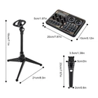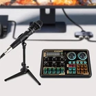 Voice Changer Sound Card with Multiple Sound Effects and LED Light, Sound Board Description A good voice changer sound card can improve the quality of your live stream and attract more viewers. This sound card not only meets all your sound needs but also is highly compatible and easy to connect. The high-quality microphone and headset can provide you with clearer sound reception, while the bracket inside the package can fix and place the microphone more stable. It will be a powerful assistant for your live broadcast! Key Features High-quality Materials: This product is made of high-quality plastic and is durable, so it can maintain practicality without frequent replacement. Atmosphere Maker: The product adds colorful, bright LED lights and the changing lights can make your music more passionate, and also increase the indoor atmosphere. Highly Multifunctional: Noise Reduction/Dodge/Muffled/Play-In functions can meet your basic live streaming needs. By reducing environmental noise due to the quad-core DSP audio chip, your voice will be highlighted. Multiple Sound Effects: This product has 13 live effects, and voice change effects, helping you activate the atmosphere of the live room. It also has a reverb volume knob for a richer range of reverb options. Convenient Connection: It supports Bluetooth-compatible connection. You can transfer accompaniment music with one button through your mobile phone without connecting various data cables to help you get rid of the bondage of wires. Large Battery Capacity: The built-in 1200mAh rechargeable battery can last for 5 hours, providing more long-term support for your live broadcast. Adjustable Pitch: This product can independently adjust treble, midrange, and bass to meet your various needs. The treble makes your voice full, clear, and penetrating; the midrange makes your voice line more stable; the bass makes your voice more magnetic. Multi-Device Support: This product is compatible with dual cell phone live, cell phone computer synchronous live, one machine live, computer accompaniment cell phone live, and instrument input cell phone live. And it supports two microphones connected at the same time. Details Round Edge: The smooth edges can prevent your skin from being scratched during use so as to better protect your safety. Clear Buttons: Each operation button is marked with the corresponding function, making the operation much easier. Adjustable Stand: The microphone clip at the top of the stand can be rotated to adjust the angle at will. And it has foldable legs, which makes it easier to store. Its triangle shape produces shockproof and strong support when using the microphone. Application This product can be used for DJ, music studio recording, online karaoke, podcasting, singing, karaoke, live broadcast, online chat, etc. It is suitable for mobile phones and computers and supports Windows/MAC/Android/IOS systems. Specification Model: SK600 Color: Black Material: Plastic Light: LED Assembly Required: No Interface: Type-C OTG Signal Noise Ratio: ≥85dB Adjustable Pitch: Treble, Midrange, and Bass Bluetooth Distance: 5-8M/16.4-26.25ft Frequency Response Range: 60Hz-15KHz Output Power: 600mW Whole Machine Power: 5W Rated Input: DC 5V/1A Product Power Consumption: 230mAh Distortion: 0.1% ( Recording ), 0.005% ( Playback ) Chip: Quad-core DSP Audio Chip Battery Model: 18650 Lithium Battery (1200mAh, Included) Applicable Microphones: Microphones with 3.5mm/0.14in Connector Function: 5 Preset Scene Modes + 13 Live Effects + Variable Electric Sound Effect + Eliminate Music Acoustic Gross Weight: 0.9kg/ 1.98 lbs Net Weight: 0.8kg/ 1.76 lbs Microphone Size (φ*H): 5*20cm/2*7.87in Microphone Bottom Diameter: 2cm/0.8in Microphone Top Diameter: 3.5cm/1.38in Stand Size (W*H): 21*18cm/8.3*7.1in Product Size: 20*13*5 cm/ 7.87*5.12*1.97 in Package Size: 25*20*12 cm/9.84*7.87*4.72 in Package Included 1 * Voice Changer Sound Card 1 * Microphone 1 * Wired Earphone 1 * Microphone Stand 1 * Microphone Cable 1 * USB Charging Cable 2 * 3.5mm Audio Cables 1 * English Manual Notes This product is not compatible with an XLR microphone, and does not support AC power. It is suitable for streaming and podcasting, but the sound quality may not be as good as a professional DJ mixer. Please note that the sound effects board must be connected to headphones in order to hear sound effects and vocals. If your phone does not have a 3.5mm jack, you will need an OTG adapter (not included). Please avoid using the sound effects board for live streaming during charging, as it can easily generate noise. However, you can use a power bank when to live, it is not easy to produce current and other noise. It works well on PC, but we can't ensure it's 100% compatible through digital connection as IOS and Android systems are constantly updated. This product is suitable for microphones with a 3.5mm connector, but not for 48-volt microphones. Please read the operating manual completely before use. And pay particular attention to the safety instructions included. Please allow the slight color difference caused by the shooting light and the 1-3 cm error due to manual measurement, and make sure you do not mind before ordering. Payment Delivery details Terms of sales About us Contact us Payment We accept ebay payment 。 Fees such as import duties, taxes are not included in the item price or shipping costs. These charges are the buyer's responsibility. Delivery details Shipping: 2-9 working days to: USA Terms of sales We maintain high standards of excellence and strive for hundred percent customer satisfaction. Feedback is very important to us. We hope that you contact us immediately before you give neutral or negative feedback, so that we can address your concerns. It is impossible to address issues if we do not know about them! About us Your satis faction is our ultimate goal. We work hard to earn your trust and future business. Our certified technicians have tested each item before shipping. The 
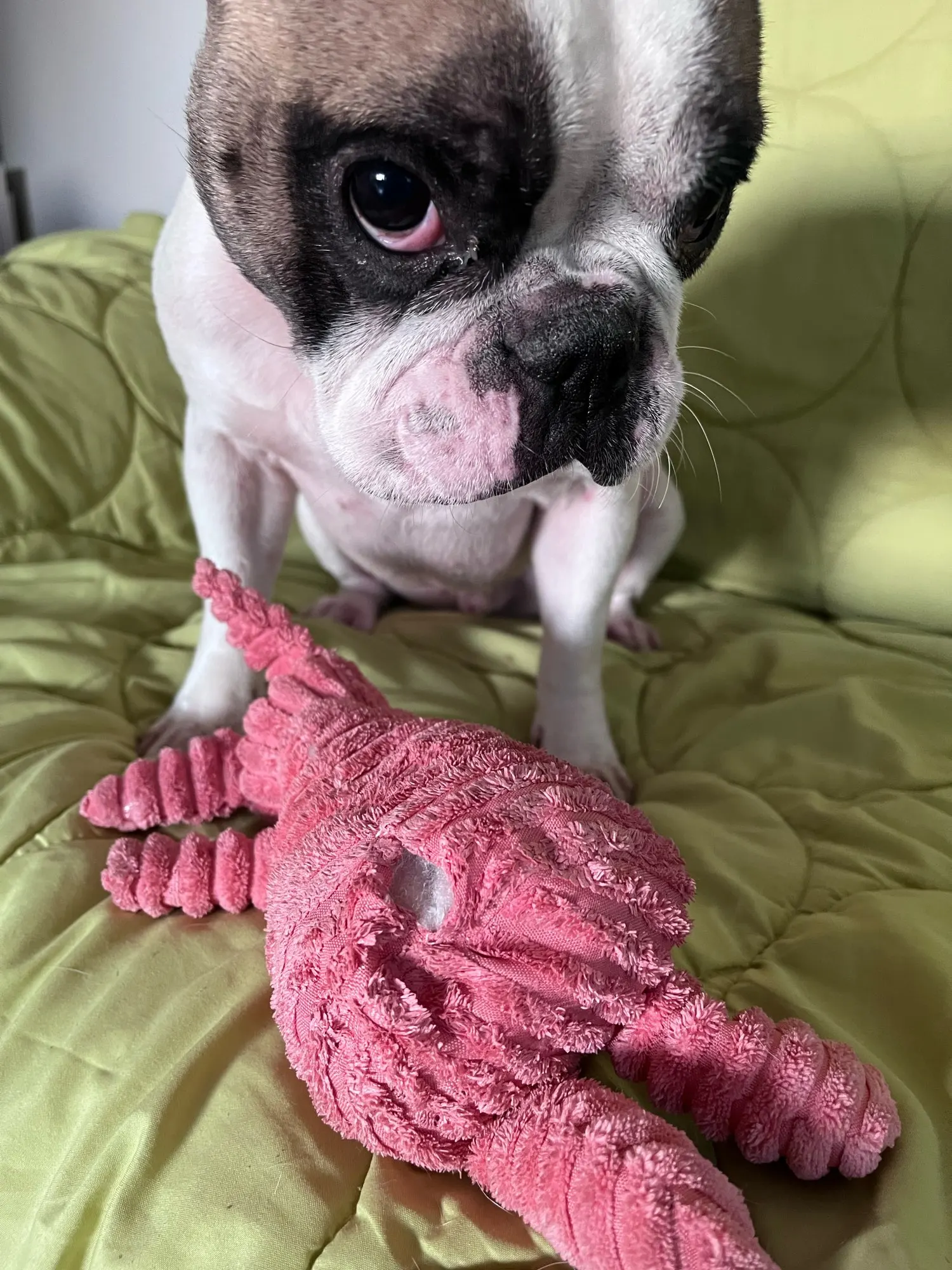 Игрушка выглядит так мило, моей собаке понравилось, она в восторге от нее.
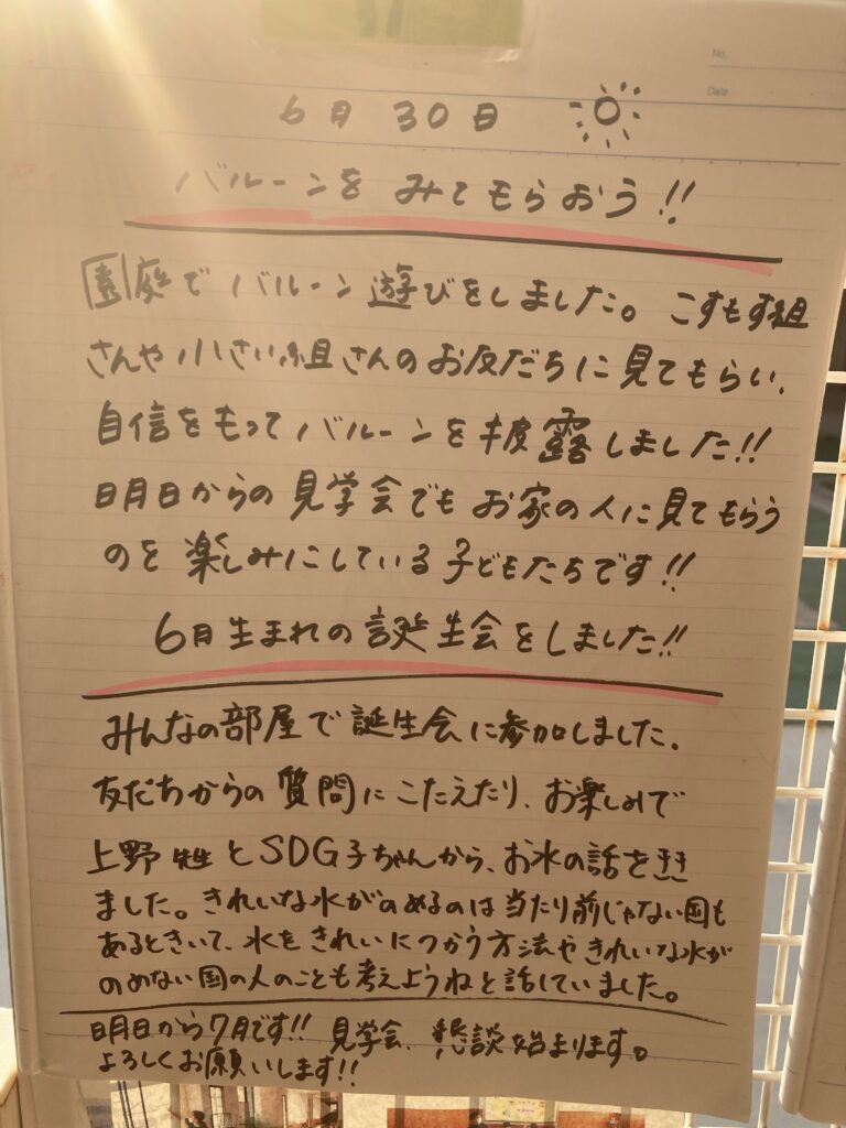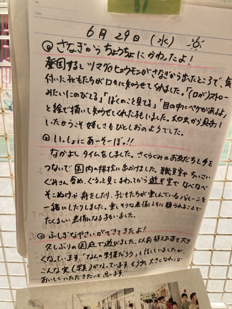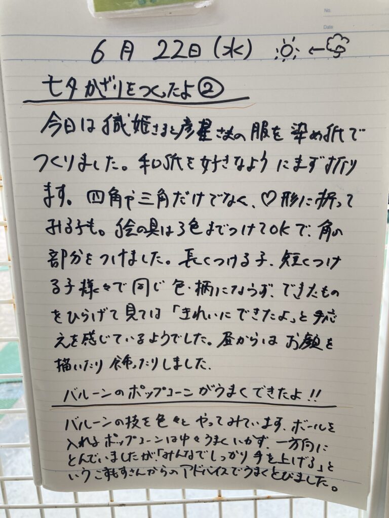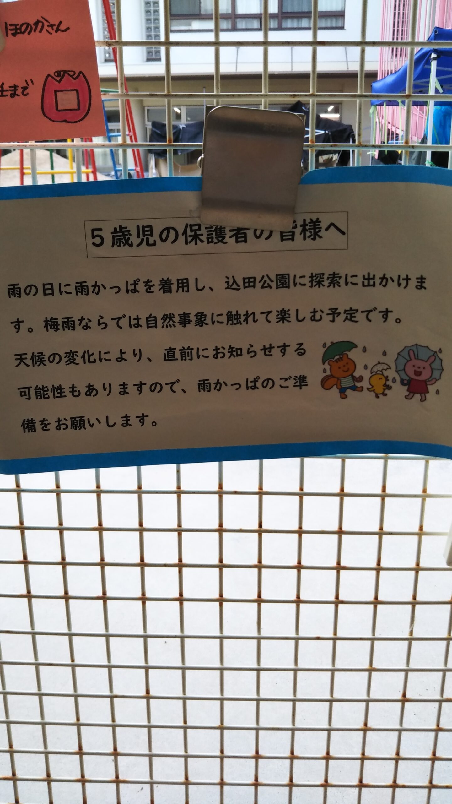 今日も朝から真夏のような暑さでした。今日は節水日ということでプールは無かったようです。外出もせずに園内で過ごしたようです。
※
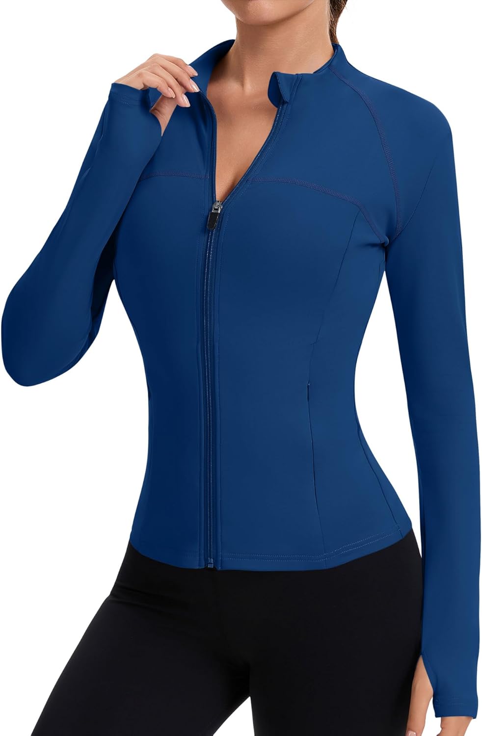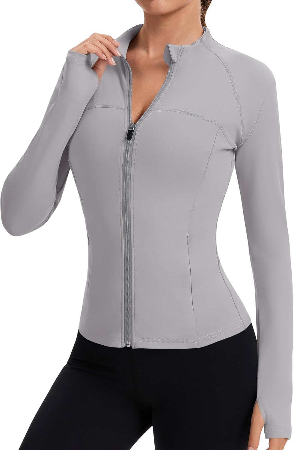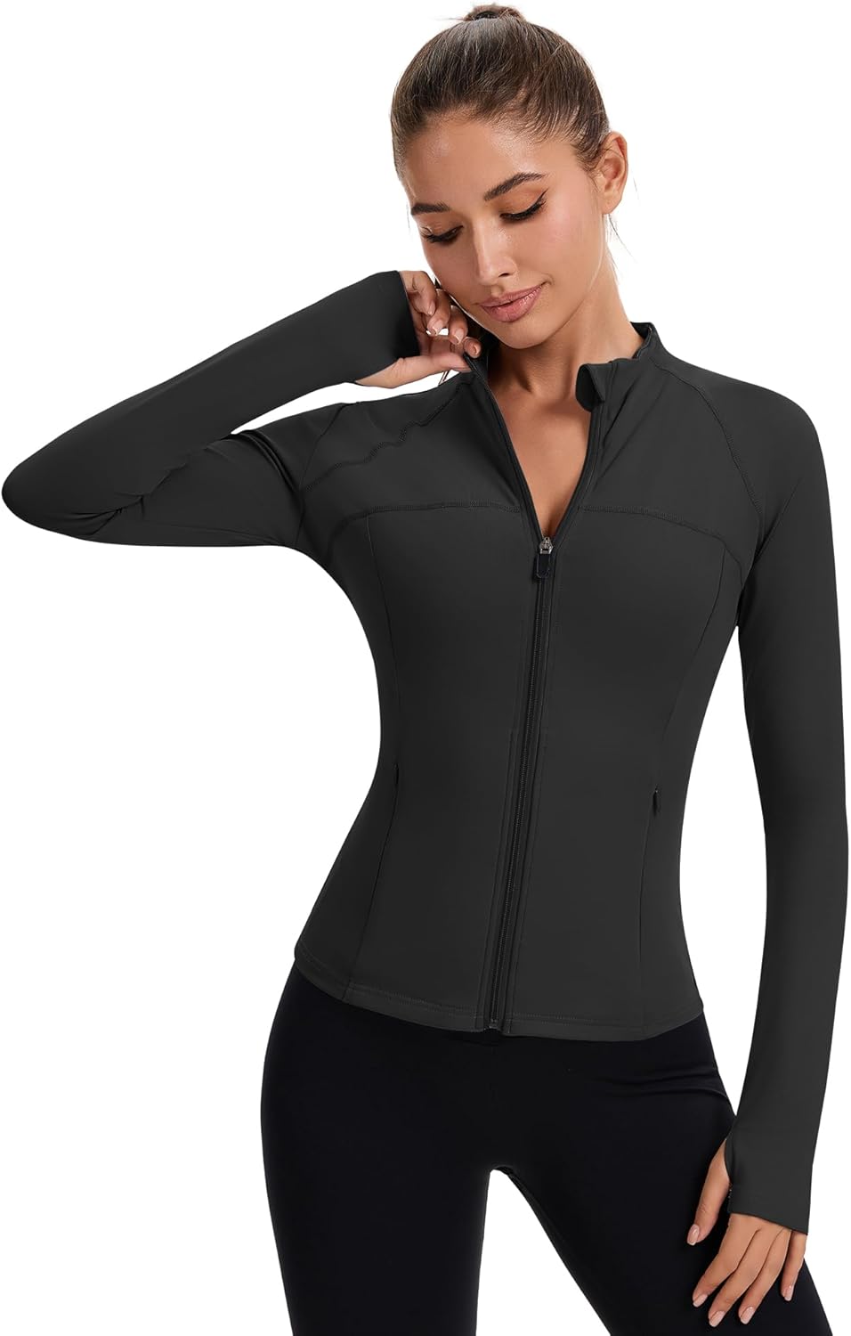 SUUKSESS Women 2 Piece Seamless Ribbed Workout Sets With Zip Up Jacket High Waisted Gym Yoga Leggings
※
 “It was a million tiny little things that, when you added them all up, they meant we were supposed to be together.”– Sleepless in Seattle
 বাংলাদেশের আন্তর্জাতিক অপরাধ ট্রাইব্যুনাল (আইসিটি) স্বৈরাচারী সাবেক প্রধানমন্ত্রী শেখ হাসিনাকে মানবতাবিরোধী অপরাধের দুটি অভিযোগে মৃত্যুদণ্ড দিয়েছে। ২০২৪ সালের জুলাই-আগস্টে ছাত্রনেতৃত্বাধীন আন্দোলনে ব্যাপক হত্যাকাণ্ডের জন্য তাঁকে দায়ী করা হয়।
※
Your answer should be the exact lines above from the one containing "Игрушка выглядит так" through the one containing "今日も朝から真夏のような暑さ", with both end lines kept and the pictures removed, please.

RESULT -
 Игрушка выглядит так мило, моей собаке понравилось, она в восторге от нее.
 今日も朝から真夏のような暑さでした。今日は節水日ということでプールは無かったようです。外出もせずに園内で過ごしたようです。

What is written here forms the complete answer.